TL;DR
This paper introduces SpecFix, an automated approach to repairing ambiguous natural language descriptions in code generation tasks, significantly improving LLM performance by reducing ambiguity without human intervention.
Contribution
It presents a novel two-step method combining program analysis and contrastive inference to repair ambiguous descriptions for better code generation with LLMs.
Findings
43.58% of descriptions were modified by SpecFix
Pass@1 improved by 30.9% on modified descriptions
Overall benchmark performance increased by 4.09%
Abstract
The growing use of large language models (LLMs) has increased the importance of natural language (NL) in software engineering. However, ambiguity of NL can harm software quality, as unclear problem descriptions may lead to incorrect program generation.
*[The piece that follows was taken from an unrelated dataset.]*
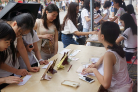 可能是觉得摊位上的游戏标题很有趣,也有可能是看到在游戏中玩得不亦乐乎的同学,路人也纷纷被吸引了过来。开始只是为了集齐四个游戏的书签来抽奖,玩着玩着,同学们都沉浸在心理游戏的氛围中,纷纷反映在游戏中不仅开动了脑袋,还了解到了心理小知识,十分有趣。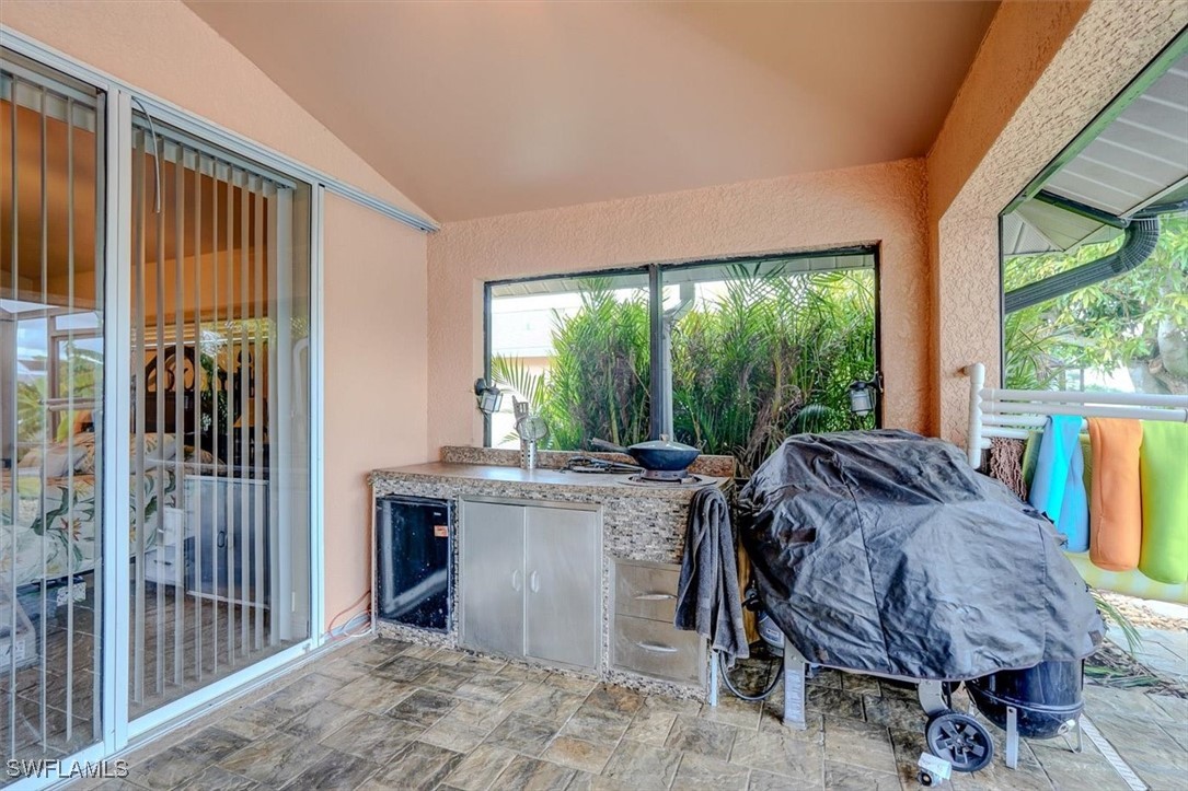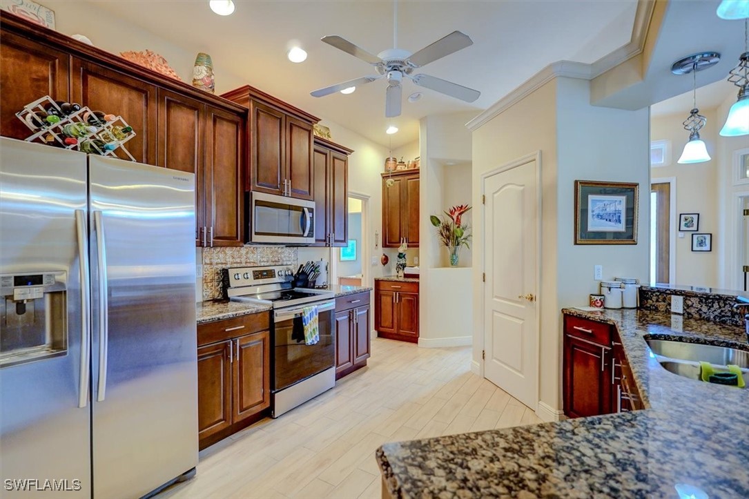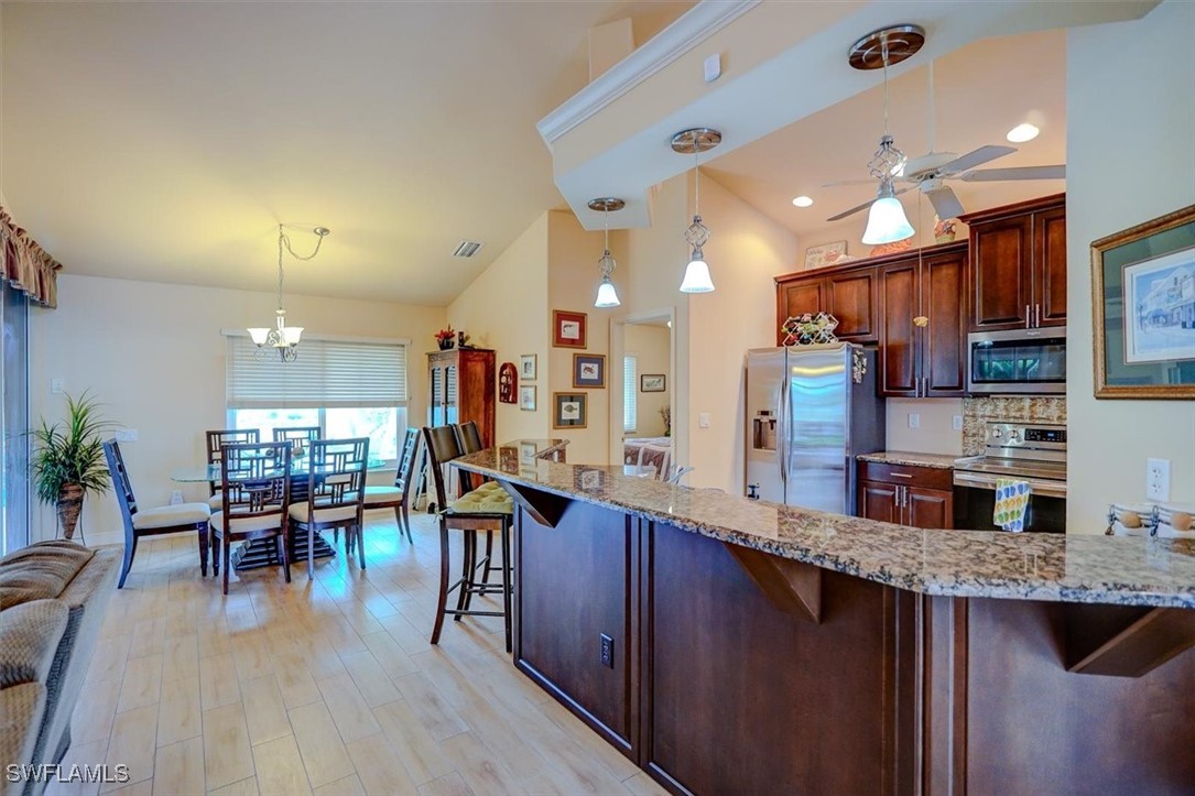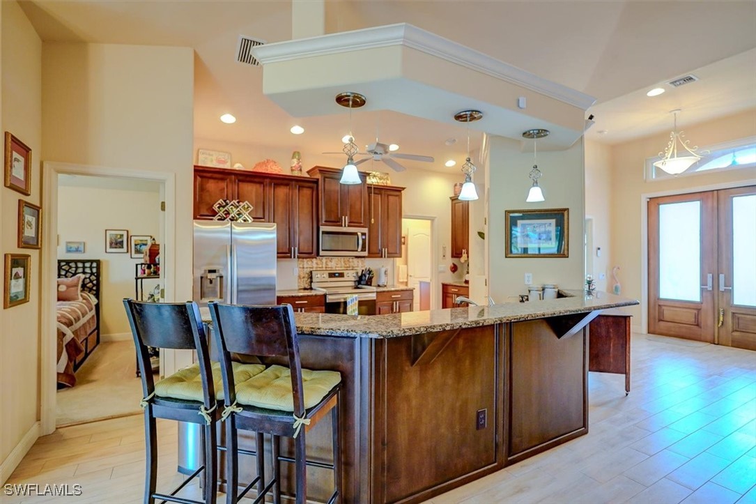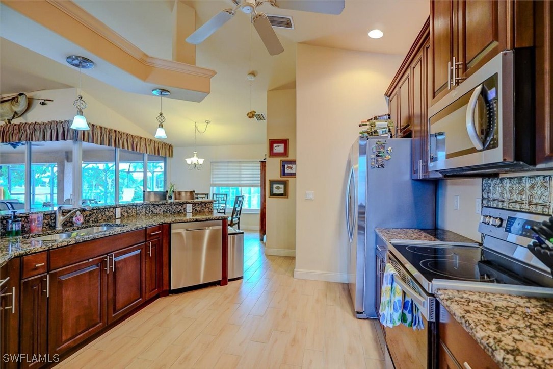 This home offers 3 bedrooms, 2 full bathrooms, and a den. The remodeled kitchen is a chef's delight, with granite countertops, wood cabinets, and an eat-in island--ideal for gatherings. Stainless steel appliances complete the space, ready to inspire your inner chef. The 90-degree sliding glass doors lead to the spacious lanai, where you can relax or entertain. Enjoy the solar-heated pool or simply take in the serene water views.

Detecting and resolving such ambiguity is challenging, motivating our introduction of the automated repair of ambiguous NL descriptions, which we approach by reducing code generation uncertainty and better aligning NL with input-output examples. Ambiguity repair is difficult for LLMs because they must understand how their interpretation of a description changes when the text is altered. We find that directly prompting LLMs to clarify ambiguity often produces irrelevant or inconsistent edits. To address this, we decompose this task into two simpler steps: (1) analyzing and repairing the LLM's interpretation of the description - captured by…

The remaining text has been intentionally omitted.